Apple and Microsoft were both birthed by the creation of the PC. Apple first, and then Microsoft, and the two firms were then known as the “Pirates Of Silicon Valley” even though Microsoft was up in Seattle.
Apple has primarily remained a hardware company, shifting impressively to consumer devices, and their most potent product is no longer the PC; it is the iPhone. Both companies embraced the then IBM model of lock-in and focused initially on revenue and market expansion, which isn’t unusual in a new company. Both also had an initial concern concerning those that pirated technology, even as they were accused of pirating technology from others.
But just as IBM faced challenges in the early 1990s, causing them to abandon lock-in as a strategy, so Microsoft did with a massive anti-trust loss that began a massive change in that company. Apple faces one of many anti-trust issues as I write this, but they largely remain the hardware-focused, lock-in vendor that they always have been, which is at least partially to blame for their anti-trust problems.
In no place is this difference more evident than at Microsoft Build this week. The theme is again “developers, developers, developers,” but I doubt any firm can now match with the extra benefit of focus and execution.
Let’s contrast Apple and Microsoft this week.
Apple vs. Microsoft
We begin with the revenue model, which is still essentially hardware-based on Apple’s side but has always been more software-focused and now more cloud-focused on Microsoft’s.
For Apple, developers are a revenue source. With a lock-in strategy, the core vendor is king and everyone else is a potential revenue source, not a partner, not even a customer, just a source of money. Thus Apple focuses on charging as much as possible in their app store, is infamous for mistreating partners like Qualcomm and Intel, and finding new and creative ways to mine its users for more money.
Apple can’t do enterprise because volume discounting and critical platforms like Linux and practices like Open Source are mostly bad jokes to them. But Microsoft embraces the enterprise, has pricing models uniquely designed for them, and treats developers more like partners in terms of executing for the future. While Microsoft had anti-trust issues when they were practicing lock-in, just as Apple does currently, no one seems to consider them as a problem and their developers seem to love the company.
Apple is all about hardware churn and can seem to move faster to new concepts because they don’t care if they obsolesce the hardware still in place. Microsoft, at Build, bragged you could still run obsolete products like Microsoft Money ’95. The nice thing about a services model that Microsoft has been rapidly adopting is that churn often only increases costs, not revenue, so it isn’t a core part of decision making while backward compatibility remains critical.
At Microsoft, their Open Source efforts, interoperability, and acceptance of popular developer platforms like Linux make them not only very different from the old Microsoft but massively different from Apple as well. Microsoft seems to now grasp that their success is directly related to the users’ success, companies, and, yes, developers that use their platform, creating a symbiotic relationship with all three showcased at Build this week.

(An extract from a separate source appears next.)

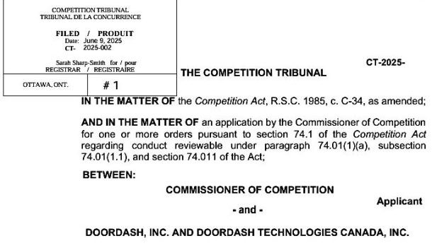 U.S. based Door Dash Inc. yesterday accused Canadian anti-trust lawyers of “an overly punitive attempt” to challenge its business model. The federal Competition Bureau accused the delivery company of pocketing millions through misleading advertising: “This application is an overly punitive attempt to make an example of an industry leader.”
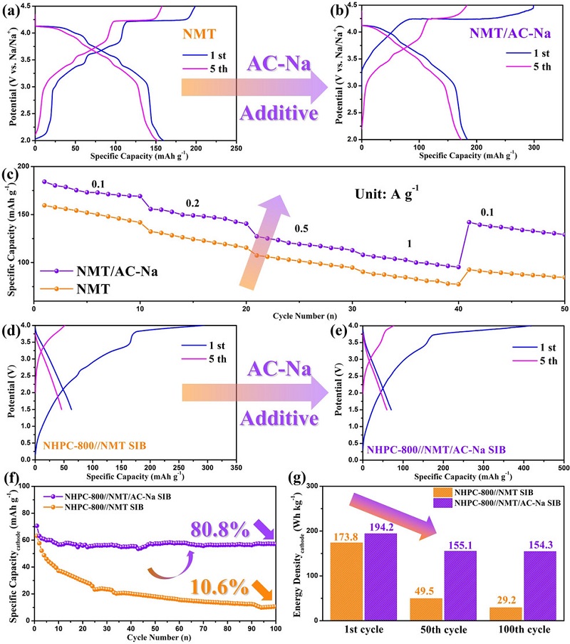 图五、NHPC//NMT和NHPC//NMT/AC-Na SIBs的性能

Apple is more focused on getting people to buy the latest Apple gadget and finding ways to monetize those that want to sell to their users. Apple even argued in court that they should get the same subsidy from game developers that those developers pay to console companies even though, unlike those companies, Apple sells their devices below cost.
Wrapping Up
The difference between Apple and Microsoft is more than skin deep. While both companies started very similarly, focused on growth and excessively focused on revenue and profit, Microsoft fundamentally changed to focus more on services, developers, and the evolution of edge-to-cloud computing. Apple is still primarily focused on those old revenues, profit, and device churn. This lack of change on Apple’s side results in some initial developer revolt and an increased risk of a devastating anti-trust judgment, much like both IBM and Microsoft once endured.
The result is that Microsoft is undoubtedly a less stressful and more fun place to work than Apple is now because they don’t have the regulation and litigation exposure they once had. But, in the fight for the future, Microsoft’s strategy puts them in a more collaborative and less stressful place than Apple’s massive profit focus.
The firm’s fundamental difference is that Apple is still locked into the ugly model that created the company. At the same time, Microsoft has pivoted to the new Open Source, interoperable, and developer-friendly future that the rest of the tech market is headed.
In short, while Tim Cook as good or better a pirate than Steve Jobs ever was, Satya Nadella has moved on, and at Build this week, the Developers appear to prefer Satya’s more collaborative and cooperative vision of the future.